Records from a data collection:
++++++++++++++++++++

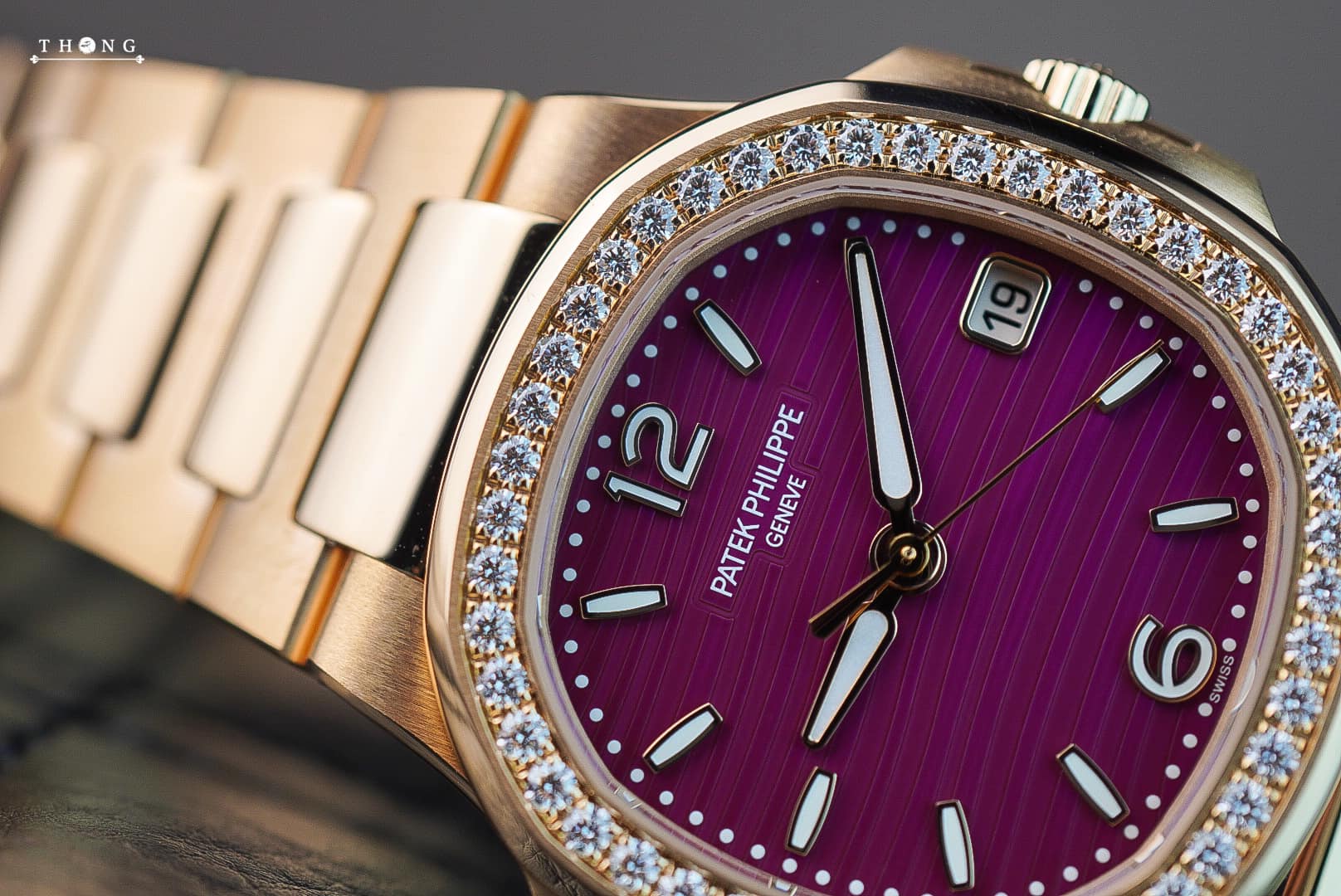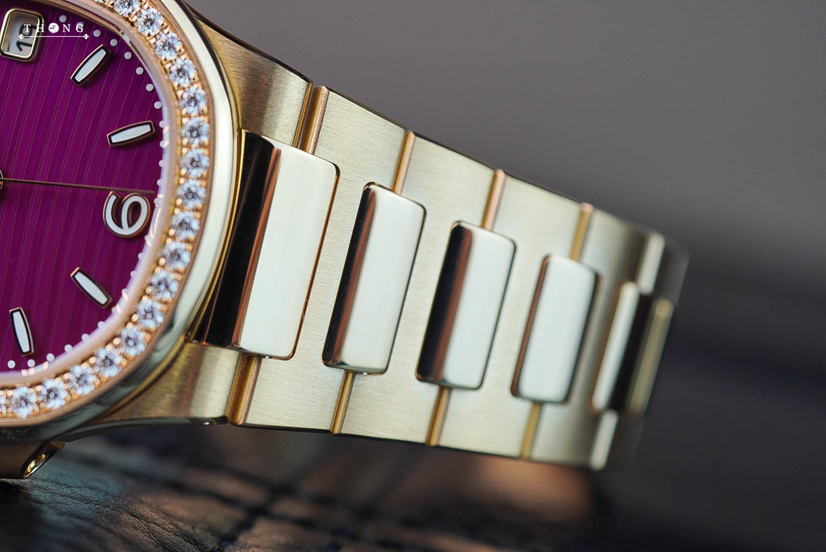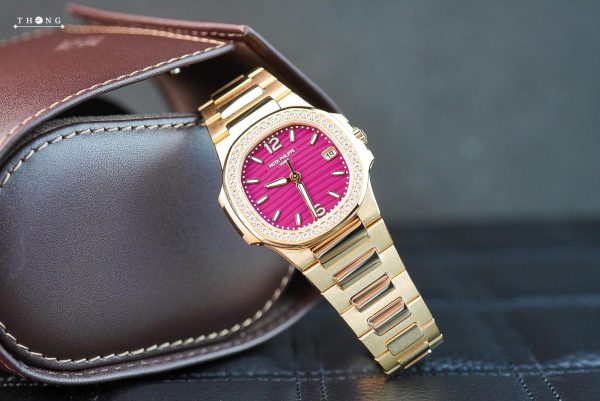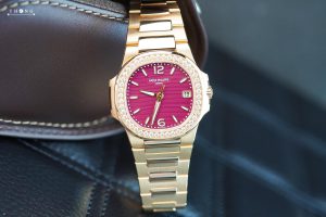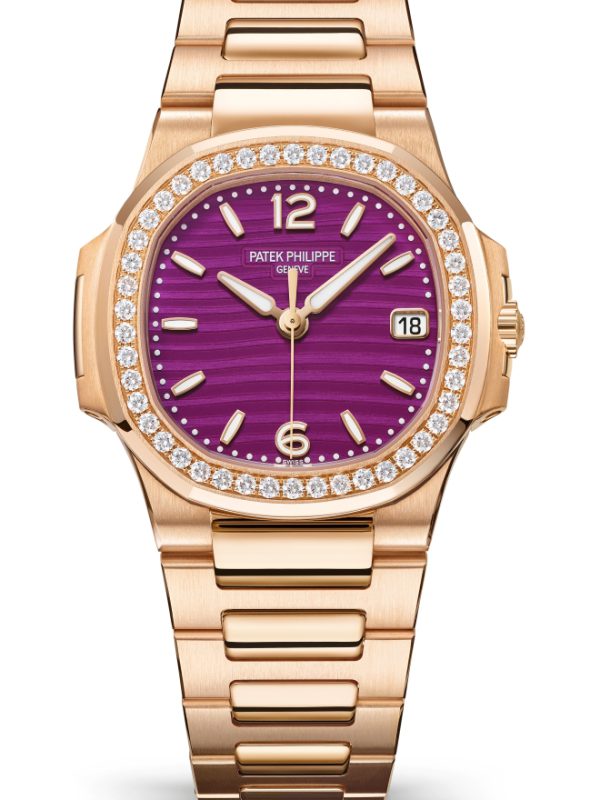 A new version of the ladies’ Nautilus watch featuring a quartz movement and a 32 mm rose gold case with matching bracelet, Reference 7010/1R-013 innovates with the purple shade of its lacquered dial bearing the wave pattern typical of this collection.
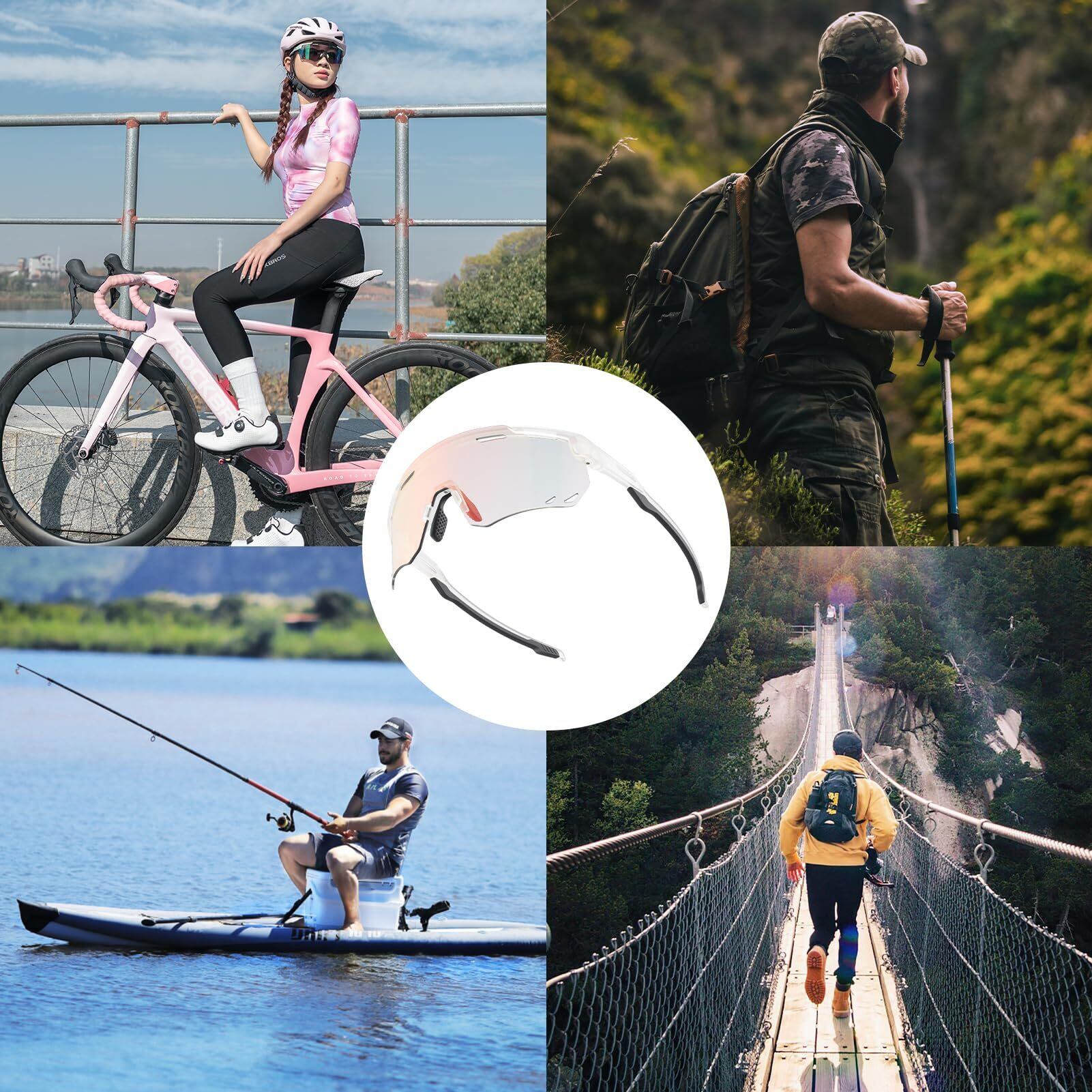 ROCKBROS(ロックブロス)調光サングラス スポーツサングラス ロードバイク バイク サングラス 調光 UV400 紫外線カット 超軽量 高靭性 耐衝撃 収納ポーチ付き 自転車 ランニング 登山 ゴルフ 野球 釣り メンズ レディース | hananoki
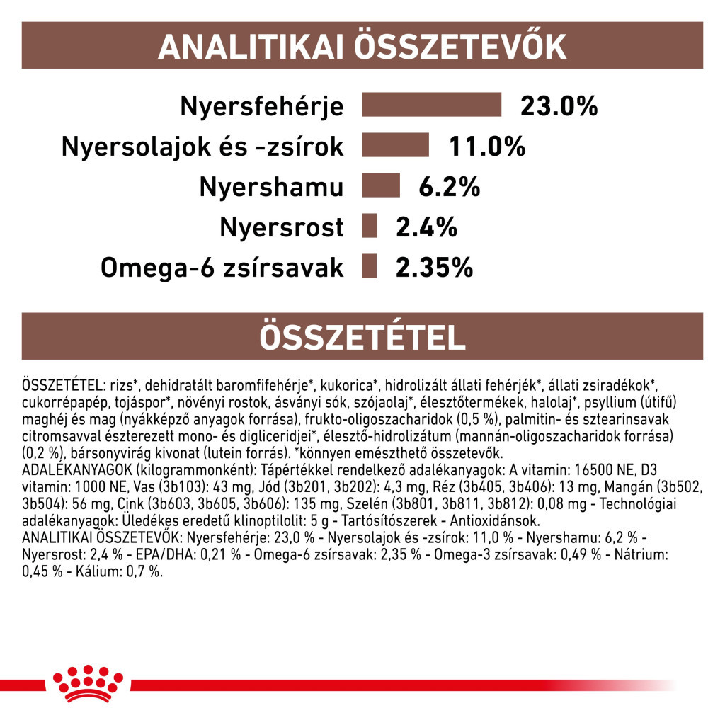 Constituenți analitici: 23,0% proteină brută, 11,0% grăsimi, 6,2% cenușă brută, 2,4% fibră brută, 0,21% EPA/DHA, 2,35% acizi grași Omega 6, 0,49% acizi grași Omega 3, 0,45% sodiu și 0,7% potasiu.
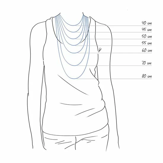 De lengtes 70 en 80 cm zijn extra lang.Een tip om de lengte te bepalen is.Gebruik een oude ketting of een koordje die je opmeet voor de goede lengte of gebruik een flexibele centimeter je h3bt vaak een langere ketting nodig dan je denk.
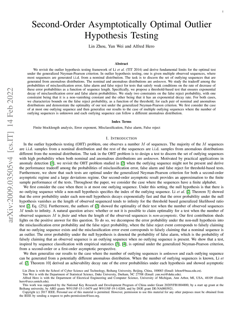 We revisit the outlier hypothesis testing framework of Li \emph{et al.} (TIT 2014) and derive fundamental limits for the optimal test under the generalized Neyman-Pearson criterion. In outlier hypothesis testing, one is given multiple observed sequences, where most sequences are generated i.i.d. from a nominal distribution. The task is to discern the set of outlying sequences that are generated from anomalous distributions. The nominal and anomalous distributions are \emph{unknown}. We study the tradeoff among the probabilities of misclassification error, false alarm and false reject for tests that satisfy weak conditions on the rate of decrease of these error probabilities as a function of sequence length. Specifically, we propose a threshold-based test that ensures exponential decay of misclassification error and false alarm probabilities. We study two constraints on the false reject probability, with one constraint being that it is a non-vanishing constant and the other being that it has an exponential decay rate. For both cases, we characterize bounds on the false reject probability, as a function of the threshold, for each pair of nominal and anomalous distributions and demonstrate the optimality of our test under the generalized Neyman-Pearson criterion. We first consider the case of at most one outlying sequence and then generalize our results to the case of multiple outlying sequences where the number of outlying sequences is unknown and each outlying sequence can follow a different anomalous distribution.
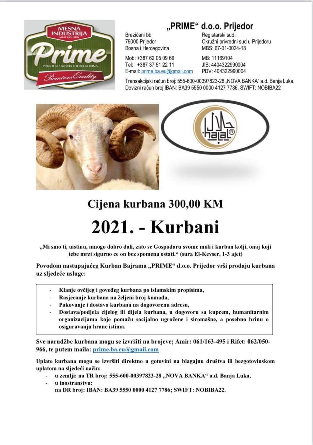 I ove godine kod Prime doo Prijedor možete osigurati kurban i izvršiti svoju svetu dužnost.
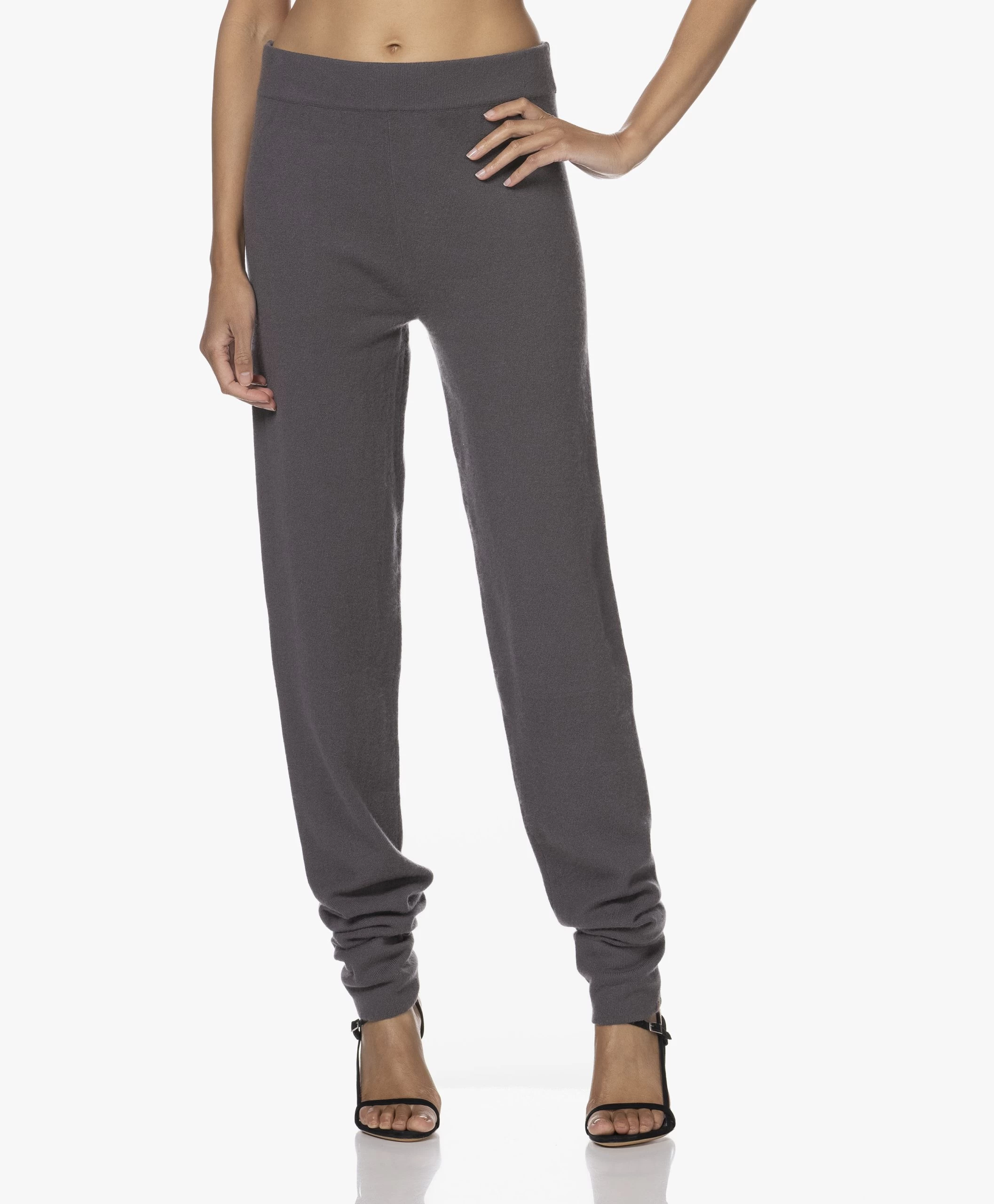 Maak van je lounge-beleving een luxe beleving met extreme cashmere’s middengrijze gebreide broek N°151 Legs. Het hoogwaardige cashmere-mix garen is zacht en comfortabel: de broek is iets steviger gebreid en verrijkt met stretch voor optimale vormvastheid. De pasvorm met verhoogde elastische taille en taps toelopende, extra lange pijpen zorgt voor een sluik silhouet.
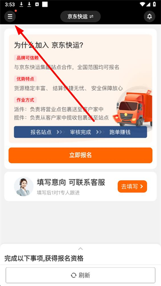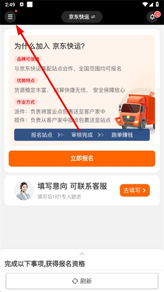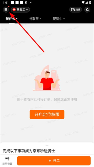 1、打开京东秒送骑士app,点击界面左上角的菜单按钮,进入功能页面。
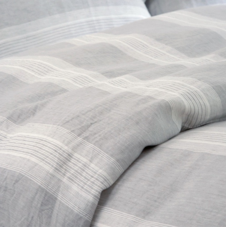 Sisco – gestreifte Leinen-Bettwäsche in silvergrau und weiss. Ein zeitloser Klassiker aus 100% feinstem vorgewaschenem belgischem Leinen.
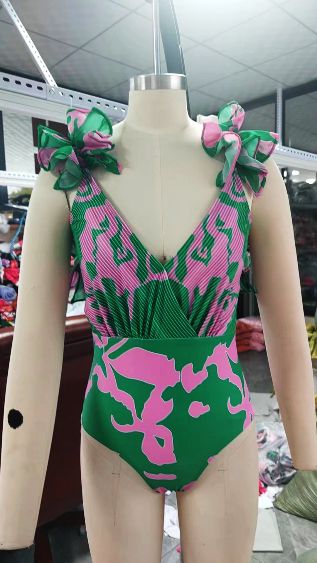 유럽과 미국의 깊은 V-넥 수영복 여성의 아마존 AliExpress Pleated 인쇄 된 육체 커버 슬리밍 섹시한 수영복
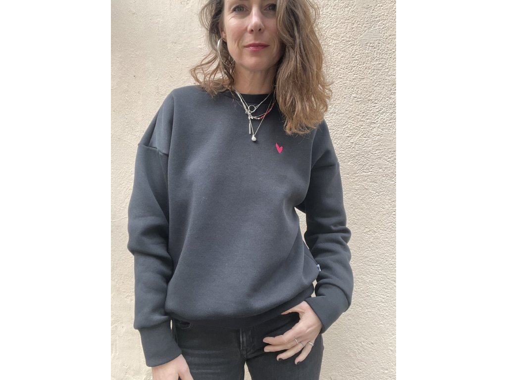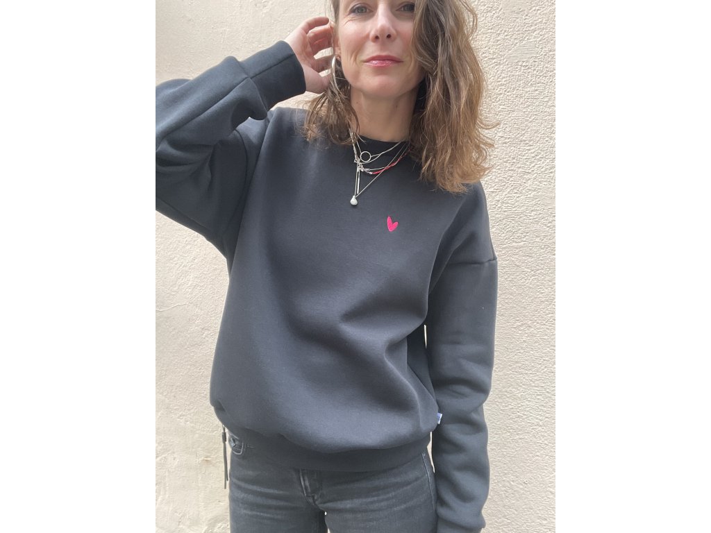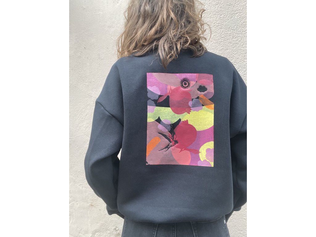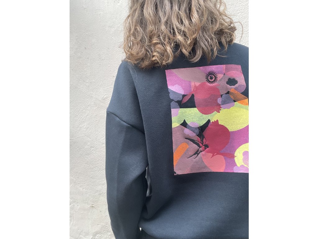 Mikina je z černé zateplené teplákoviny, má volný oversize střih, pink výšivka na předním díle, na zadním díle barevný tisk a černá výšivka…
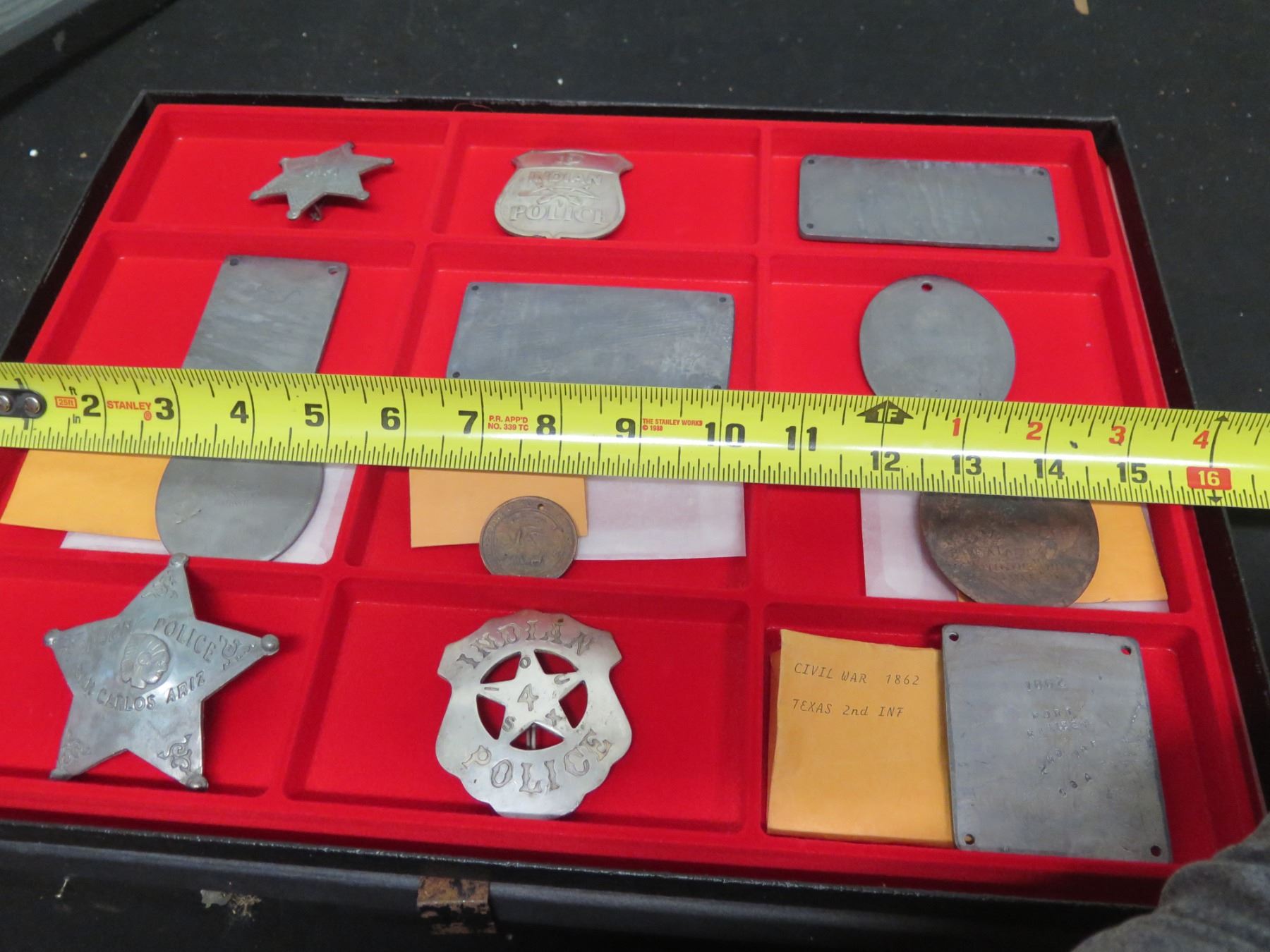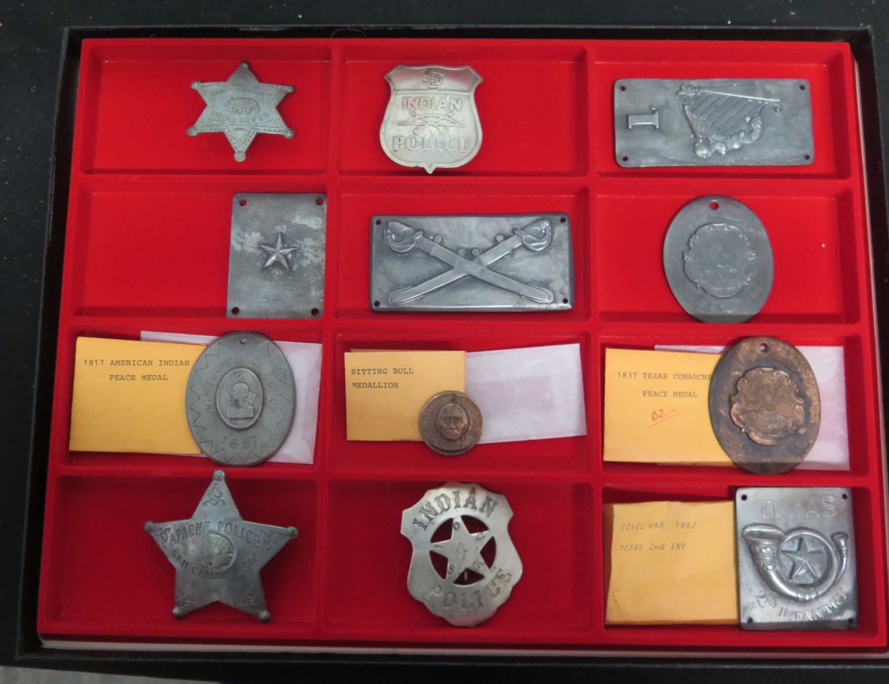 Multiple Badges & Pins: Indian Police, Civil War, 1817 American Peace Medal, Sitting Bull, etc in Case

++++++++++++++++++++

[EXERCISE INSTRUCTIONS]: Every line above between the one containing "Constituenți analitici: 23,0%" and the one containing "De lengtes 70", those two included, is to be printed exactly. No pictures go into the copy.

[TASK RESULT]:
 Constituenți analitici: 23,0% proteină brută, 11,0% grăsimi, 6,2% cenușă brută, 2,4% fibră brută, 0,21% EPA/DHA, 2,35% acizi grași Omega 6, 0,49% acizi grași Omega 3, 0,45% sodiu și 0,7% potasiu.
 De lengtes 70 en 80 cm zijn extra lang.Een tip om de lengte te bepalen is.Gebruik een oude ketting of een koordje die je opmeet voor de goede lengte of gebruik een flexibele centimeter je h3bt vaak een langere ketting nodig dan je denk.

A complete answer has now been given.